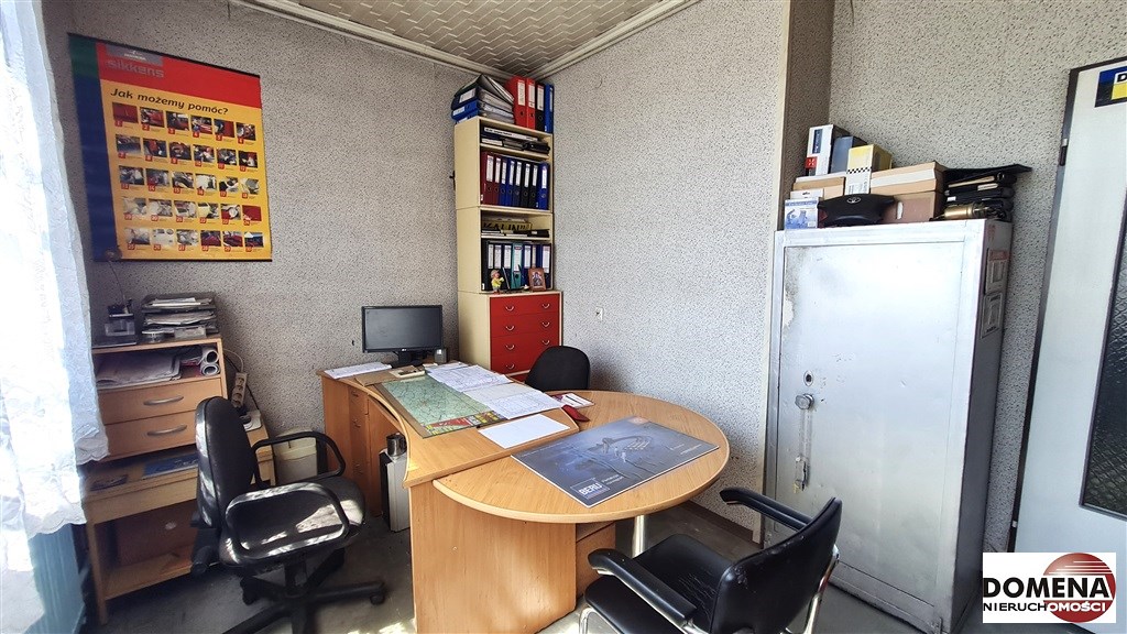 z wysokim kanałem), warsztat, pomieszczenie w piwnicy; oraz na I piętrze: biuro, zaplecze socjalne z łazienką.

==

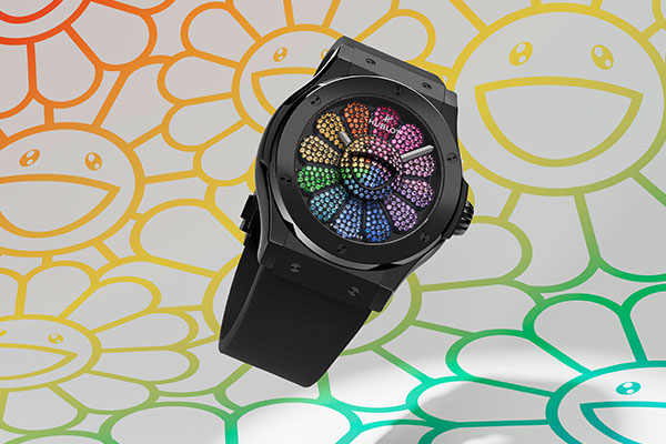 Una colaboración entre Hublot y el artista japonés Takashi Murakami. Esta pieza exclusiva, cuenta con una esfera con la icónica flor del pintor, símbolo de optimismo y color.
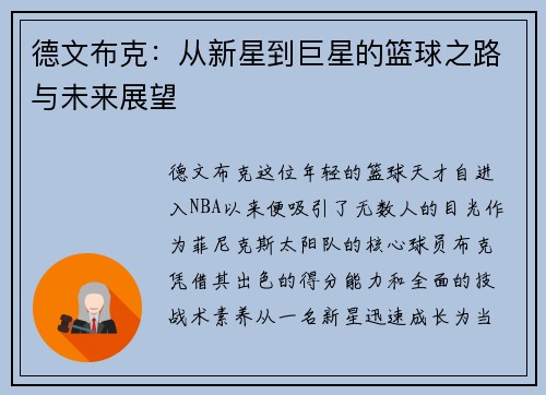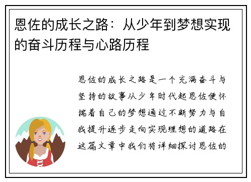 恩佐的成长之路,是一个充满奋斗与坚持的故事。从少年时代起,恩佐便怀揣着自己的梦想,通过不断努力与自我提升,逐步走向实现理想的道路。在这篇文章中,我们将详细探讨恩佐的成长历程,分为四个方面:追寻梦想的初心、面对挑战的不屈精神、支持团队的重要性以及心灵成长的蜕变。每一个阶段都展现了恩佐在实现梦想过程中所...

...

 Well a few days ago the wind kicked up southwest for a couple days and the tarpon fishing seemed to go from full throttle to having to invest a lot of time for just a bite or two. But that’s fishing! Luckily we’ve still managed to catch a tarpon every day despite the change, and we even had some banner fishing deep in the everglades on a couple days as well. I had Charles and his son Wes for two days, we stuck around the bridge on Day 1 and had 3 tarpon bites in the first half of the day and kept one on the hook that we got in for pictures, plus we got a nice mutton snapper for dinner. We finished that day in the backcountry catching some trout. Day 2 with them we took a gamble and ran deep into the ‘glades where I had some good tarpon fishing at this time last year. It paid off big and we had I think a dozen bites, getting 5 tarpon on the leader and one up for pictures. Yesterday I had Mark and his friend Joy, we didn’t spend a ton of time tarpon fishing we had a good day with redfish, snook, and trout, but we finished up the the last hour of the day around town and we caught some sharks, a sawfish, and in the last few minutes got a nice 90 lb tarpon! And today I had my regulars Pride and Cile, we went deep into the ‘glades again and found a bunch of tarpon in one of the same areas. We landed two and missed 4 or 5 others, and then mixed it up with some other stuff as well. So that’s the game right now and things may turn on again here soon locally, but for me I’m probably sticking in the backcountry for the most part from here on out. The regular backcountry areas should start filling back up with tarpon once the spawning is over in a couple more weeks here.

#### EXERCISE DETAILS
Working from the data above, repeat exactly, and only, the lines that begin at the line containing "Una colaboración entre" and stop after the line containing "恩佐的成长之路,是一个充满奋"; pictures are not copied.

#### RESULT
 Una colaboración entre Hublot y el artista japonés Takashi Murakami. Esta pieza exclusiva, cuenta con una esfera con la icónica flor del pintor, símbolo de optimismo y color.
 恩佐的成长之路,是一个充满奋斗与坚持的故事。从少年时代起,恩佐便怀揣着自己的梦想,通过不断努力与自我提升,逐步走向实现理想的道路。在这篇文章中,我们将详细探讨恩佐的成长历程,分为四个方面:追寻梦想的初心、面对挑战的不屈精神、支持团队的重要性以及心灵成长的蜕变。每一个阶段都展现了恩佐在实现梦想过程中所...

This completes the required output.